Medication Documentation
Question:
We are switching to a new EHR system. We have not always had great compliance with our providers documenting what we feel needs to be documented so we want to do it right. Are you able to advise what should be included in the medical record when the provider administers medications, for example intra-articularly?
Answer:
Thank you for your Question:. Like you, we find in audits that providers do not always include the basic information required to select and submit a HCPCS code for medications.
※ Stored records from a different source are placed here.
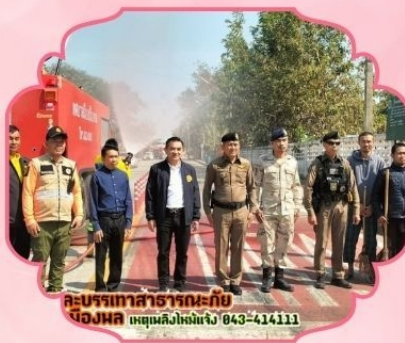
และบรรเทาสาธารณภัย เมืองพล (ศูนย์สั่งการแจ้ง) 043-414111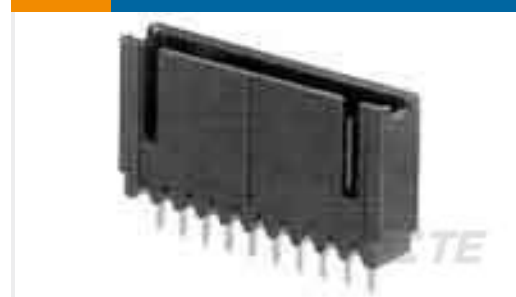
TE 产品编号5-102202-5 08 MODII HDR SRST SHRD LF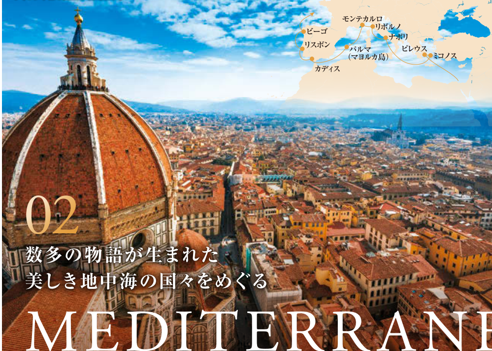
フィレンツェの街並み(リボルノ)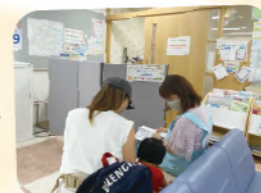
キッズスペース横の相談の様子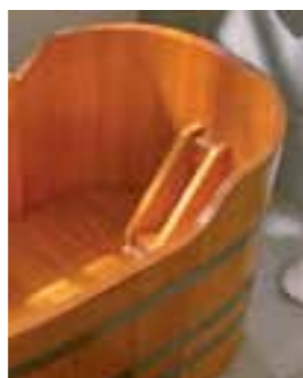
RL + OWR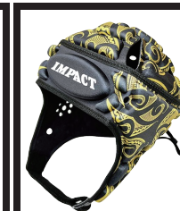
マオリダークゴールド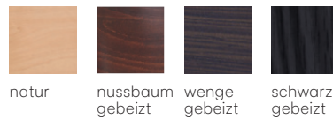
natur nussbaum gebeizt wenge gebeizt schwarz gebeizt

Großbräpportige oder karierte Stoffe, sowie zweifarbige Polsterungen werden mit 5 % Mehrpreis berechnet, Lederverarbeitung und Rapportbeachtung mit 10%.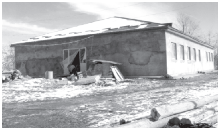
Гьеле эцигна куьтягь тавунвай Цналрин юкьван школадин дарамат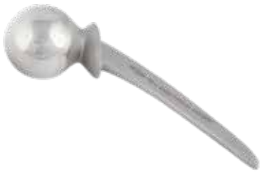
Prótesis Cadera Thompson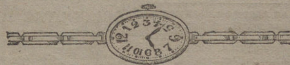
Núm. 14.—Ancora 15 rubíes, oro de ley 18 quilates, con pulsera extensible. Pesetas 375.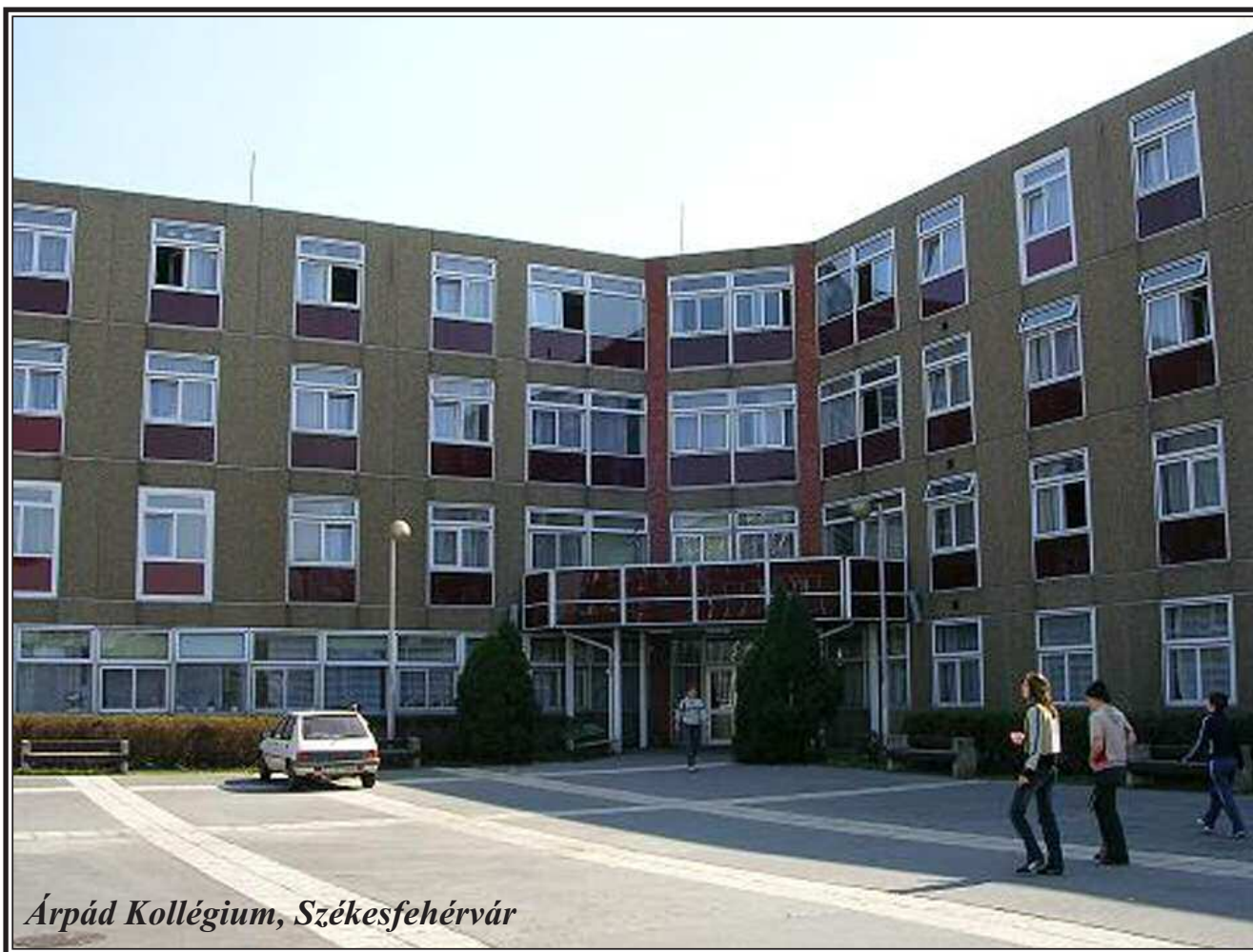
Árpád Kollégium, Székesfehérvár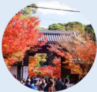
จุดประตูไซมง เป็นประตูทางเข้าหลักของวัดเอคันโด

นำท่านเดินทางสู่ เกียวโต เป็นเมืองที่ได้ชื่อว่าเมืองแห่งศิลปะและวัฒนธรรมของญี่ปุ่นอย่างแท้จริง จากนั้นนำท่านเยี่ยมชม วัดเอคันโด (Eikan-do) วัดสวยที่มีชื่อเรียกขานถึง 3 ชื่อ ไม่ว่าจะเป็น เซนรินจิ, โซจูโรงะซัง หรือ มูเรียวจูอิน วัดนี้ตั้งอยู่บริเวณปลายสุดทางทิศใต้ของ "ทางเดินนักปราชญ์" ในย่านฮิงาชิยามะ โดดเด่นด้วยอาคารไม้โบราณที่เชื่อมถึงกันด้วยทางเดินมีหลังคาคลุมลัดเลาะไปตามสวน วัดเอคันโด มีประวัติศาสตร์ยาวนานตั้งแต่สมัยเฮอัน โดยเริ่มจากขุนนางระดับสูงได้มอบพื้นที่แห่งนี้ให้เป็นที่พำนักของพระสงฆ์ ภายในวัดเต็มไปด้วยงานศิลปะที่ทรงคุณค่า โดยเฉพาะ รูปปั้นพระอมิตาพุทธ ที่มีเอกลักษณ์ไม่เหมือนใคร เพราะพระเศียรจะหันไปทางด้านข้าง ซึ่งมีตำนานเล่าว่า พระองค์เคยหันมาพูดคุยกับเจ้าอาวาสนั่นเอง นอกจากนี้ ที่นี่ยังเป็น "แลนด์มาร์ค" อันดับหนึ่งสำหรับการชมใบไม้เปลี่ยนสีในช่วงปลายเดือน พฤศจิกายน ซึ่งจะสวยงามเป็นพิเศษทำให้บรรยากาศดูราวกับอยู่ในเทพนิยาย ภายในวัดมีมุมถ่ายรูปเก๋ๆ กับใบไม้แดงเพียบ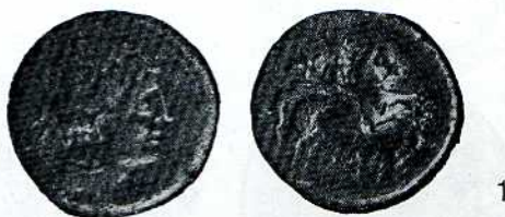
Fig. 1.—MONEDA IBERICA DE ARSE (Sagunto)

Prosiguiendo las noticias que habitualmente venimos publicando en este Boletín de los hallazgos numismáticos sobre nuestra ciudad, ofrecemos en el presente las siguientes: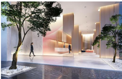
ロビーエリア(イメージ)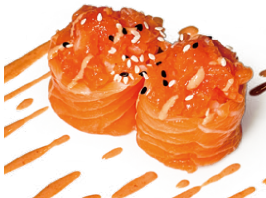
112 SAKE HANA salmone*, salsa sakura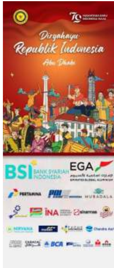
Gambar 16. Benner Sponsor HUT RI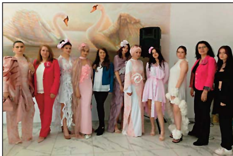
Сите фотографии се од модната ревија. Креациите се на ученичките кои се и во улога на манекенки

организирана модна ревија, со што докажавме дека со посветена и одговорна работа се постигнуваат најдобрите резултати. Оваа награда, своевидно, претставува дополнителна мотивација и инспирација и за самите наставници и ученици да се работи уште повеќе и да се истакнат и искористат стекнатите знаења и вештини за нови, поголеми предизвици.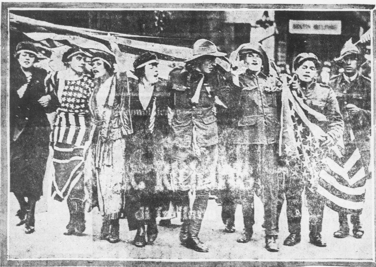
La bandiera dalle strisce e dalle stelle grandemente rappresentata durante la celebrazione del Giorno della Pace a Londra, Inghilterra.

Il giorno della pace celebrato a Londra.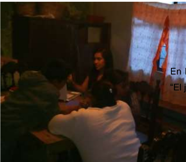
En la actividad 8, explicando la dinámica “El juego de los cubiertos”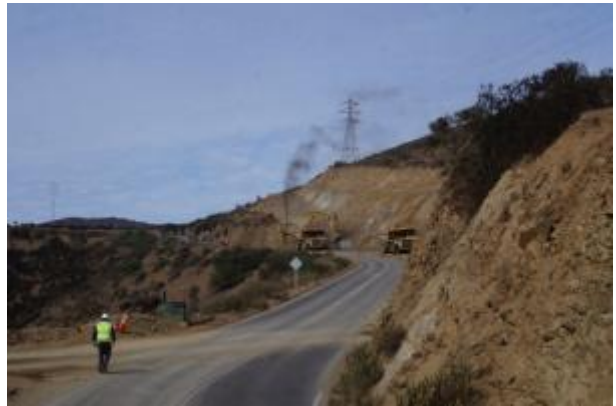
Imagen N°03 Trabajos de Corte Las Cardas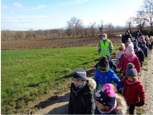
Erst 30 Minuten Laufen...

Freitag, den 12. März, haben wir, mit der Gemeinde von Koetzingue, Büsche gepflanzt: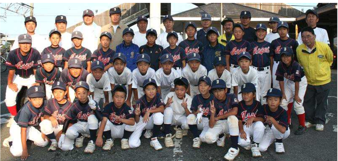
一西シャークスの皆さん！！いつも あ・り・が・と・う！！

朝早くから、こんなに大勢の方に集まって頂き 感謝！！感謝！！です。 あら・ら・監督さん達まで・ ありがとうございます！ ご協力いただきました皆様！いつも ありがとうございます！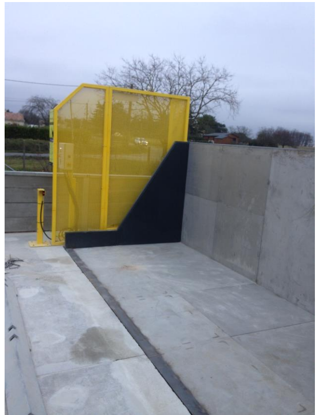
Version rallongée et encastrée dans le sol avec plat de recouvrement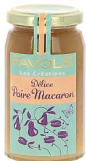
ALI5047 Confiture Poire Macaron 260g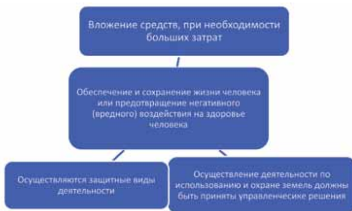
Рис. 3. Приоритеты охраны жизни и здоровья человека

муниципальных и других жилищных фондов в соответствии с установленными законами нормами. Однако, как показывает опыт, комплексное планирование муниципальных образований оставляет желать лучшего и нет концепции решения многих социальных проблем, отражающие приоритетные направления по обеспечению охраны жизни и здоровья населения. На рис. 3 отражены приоритеты охраны жизни и здоровья населения в рамках управления проектами. Управление проектами в настоящее время принимает сложные механизмы в реализации и продвижении проектов. Разработчикам проектов приходится планировать не только земельные и имущественные отношения в рамках муниципального образования, но формировать налоговую политику, соблюдать и выполнять требования налогового законодательства, уплачивать законно установленные налоги и сборы и

In Orthopaedics, this is most commonly related to injections to tendons, nerves, joints to name a few anatomic locations.
Documentation should include the medication name, dosage (mg or mg/ml), the route of administration and location (e.g. flexor tendon sheath, tendon insertion site, left shoulder subacromial space). In Orthopaedics, for example, J3301 describes Triamcinolone Acetonide, 10 Mg/ml. Vials for this medication commonly are available in 40 mg/ml or 80 mg/ml vial concentrations. If the physician states that “2ml” was injected into the right knee joint, it is not known if 80 mg or 160 mg was injected without the concentration. The impact, other than recording the incorrect dose, may result in incorrect reporting of the J code. 1 milliliter of Triamcinolone 40 mg/ml is reported as J3301 x 4 units; 1 ml of Triamcinolone 80 mg/ml is reported as J3301 x 8. In the example of “2ml”, the variance would be J3301 x 8 versus J3301 x 16.
Also include documentation of patient tolerance or reactions to the medications and instructions for follow-up monitoring. Don’t forget to record include wastage of drugs as appropriate and instructed by the payor, using modifier JW.
*This response is based on the best information available as of 03/18/21.